I changed the redirect from measure polytope to Tesseract. I agree a hypercube can imply HIGHER polytopes than a tesseract, but 99% of the time I expect people MEAN a 4-polytope, so I judge it better to link to tesseract specifically and let readers go to the more general (family) secondly from there. Tom Ruen 06:21, 14 October 2006 (UTC)

Since my redirect was reversed, I removed the redirect and put two links in here.

I still disagree - I NEVER mean "n-dimensional hypercubes" and say hypercube since that is ambiguous what I mean. I'd say n-cube or n-hypercube or n-measure polytope. If there's no dimension offer I assert 4 is implied. Tom Ruen 09:47, 12 November 2006 (UTC)

I disagree. I ALWAYS mean the general case when I say "hypercube", and would specify 4-dimensional if that's what I mean. I don't think 4d is the default, and I think hypercube should be the preferred name for what is now measure polytope.
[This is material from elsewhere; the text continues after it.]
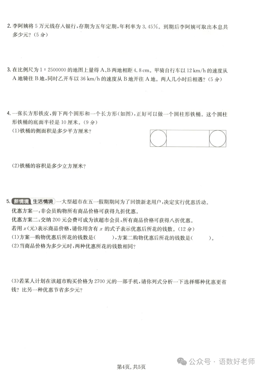 六年级下册数学《期中试卷》,可下载打印附有答案
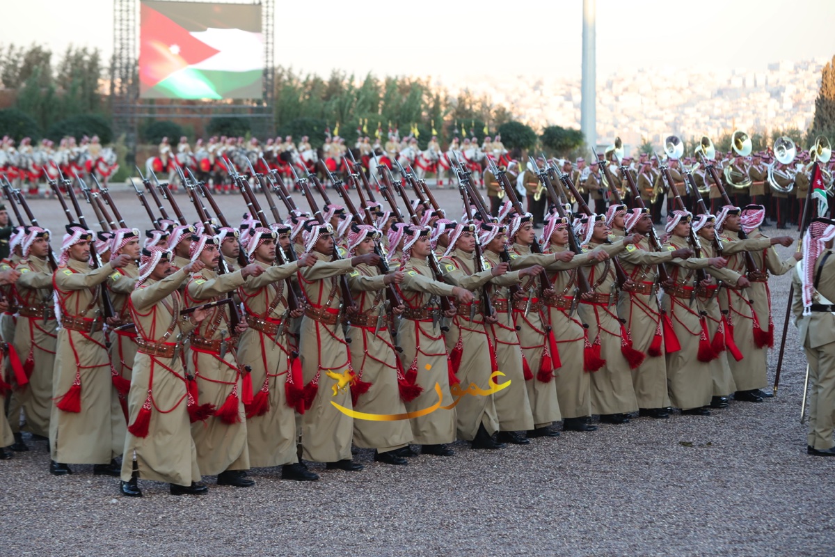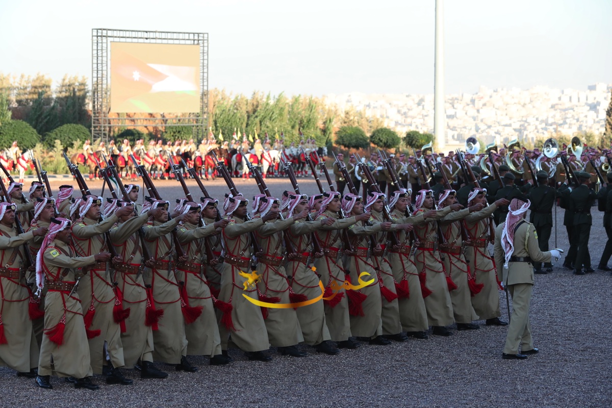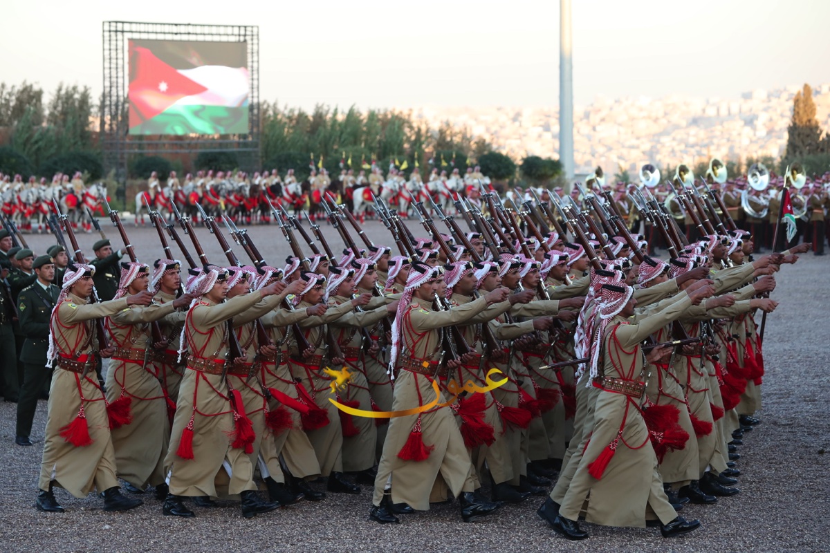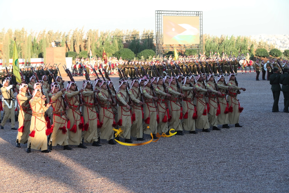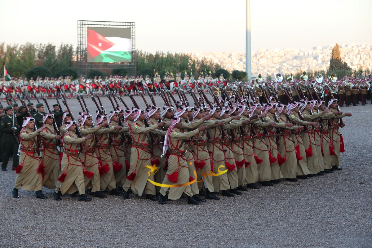 وقدمت موسيقات القوات المسلحة الأردنية – الجيش العربي مجموعة من المقطوعات الموسيقية، واستعرضت الوحدات المشاركة من أمام المنصة، بنظام المسير العادي، على أنغام معزوفات من التراث العسكري والأغاني الوطنية والعالمية.

I see tesseract as a special case, that should be prominently linked from the hypercube page but not redirected from it. And according to WP:D disambiguation pages (such as the current state of this page) are for when there are several links to disambiguate, but here there are only two. —David Eppstein 18:18, 15 November 2006 (UTC)
Later: I made this a little more texty and added a link to hypercube graph. So now it looks a little more plausible as a dab page. I'd still prefer this to be the main name for measure polytope, though, and am still not convinced having a separate dab page is necessary since the tesseract and hypercube graph articles are linked from that page anyway. —David Eppstein 18:29, 15 November 2006 (UTC)
I agree with David Eppstein. The mathematical community does not mean 4-dimensional when it says "hypercube". I do believe the name "hypercube" has been used, e.g. in science fiction, for the 4-cube, and it would be good to give that as a secondary meaning with a link to tesseract.
Here's a suggestion: Keep "hypercube" as a disambiguation page, since there are several meanings, such as the graph. Create hypercube (geometry) to move measure polytope to. Put into measure polytope a short definition as a unit hypercube (named by Coxeter, not common). I throw these ideas out for reactions. Let's hear! Zaslav 01:41, 16 November 2006 (UTC)
Hypercube, Hypercube graph, n-cube, and measure polytope are too closely related to be considered disambiguous. While the A_(disambiguation) article could be referring to a number of different completely unrelated concepts from many different fields. Same with the error page, it has a separate disambiguous page, however, hypercube only has one unrelated concept mainly the movie. The hypercube article will now contain what was once the measure polytope page, have a single disambiguous link to the movie at the top, and the article will refer to an n-cube when referring to a specific dimension, measure polytope should only be used when applied to hypercubes of unit length (side length, wrong terminology) one. --ANONYMOUS COWARD0xC0DE 00:23, 25 December 2006 (UTC)
Good! That's what I meant all along, really, really! (Also, the principal meaning of "hypercube" is obviously the geometrical one.) Thanks to whoever carried out the merge/move. Zaslav 06:40, 30 January 2007 (UTC)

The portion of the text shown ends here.